→ **WHAT THE TASK REQUIRES**: Your copy of the listing should match it exactly, only without pictures.

→ **DATA SHOWN**:

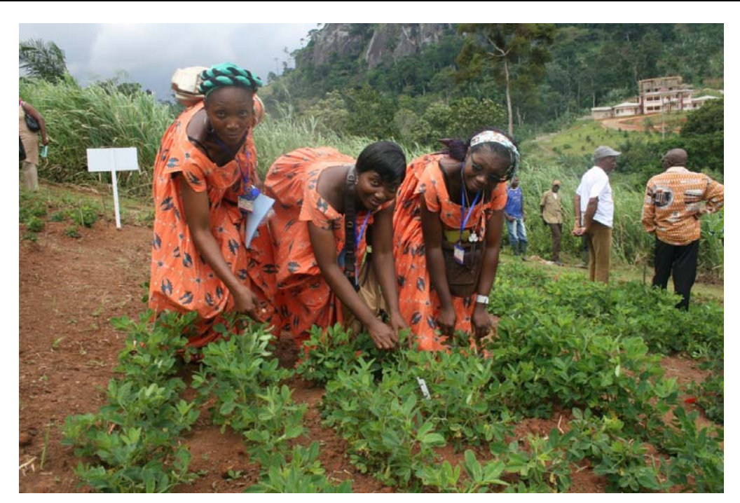
Improving soil fertility and integrated soil-plant management are critical for crop production in Cameroon, Africa

7 Activities of the Soil and Water Management and Crop Nutrition 10 Laboratory, Seibersdorf 26 14 Publications 31 15 Web Sites 32 22
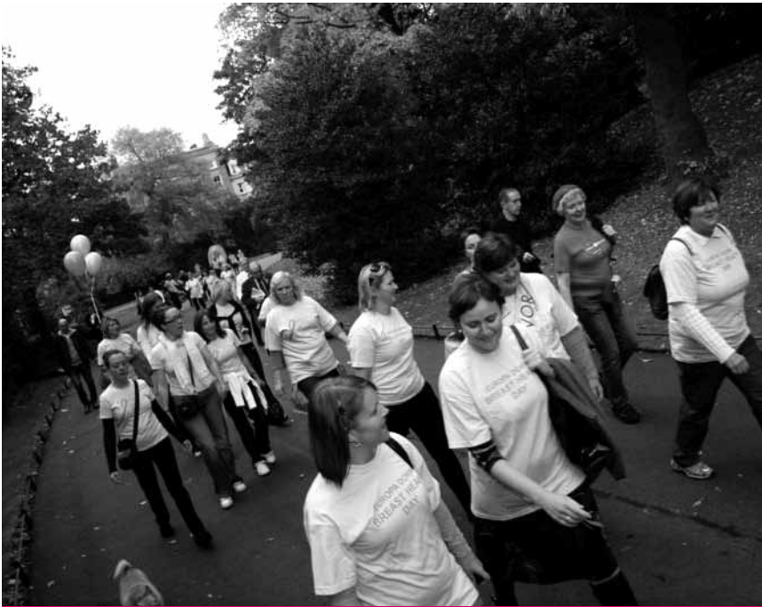
Walk in Stephen's Green - Breast Health Day 2009
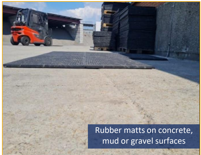
Rubber mats on concrete, mud or gravel surfaces

→ **RESPONSE AREA**:
Improving soil fertility and integrated soil-plant management are critical for crop production in Cameroon, Africa

7 Activities of the Soil and Water Management and Crop Nutrition 10 Laboratory, Seibersdorf 26 14 Publications 31 15 Web Sites 32 22
Walk in Stephen's Green - Breast Health Day 2009
Rubber mats on concrete, mud or gravel surfaces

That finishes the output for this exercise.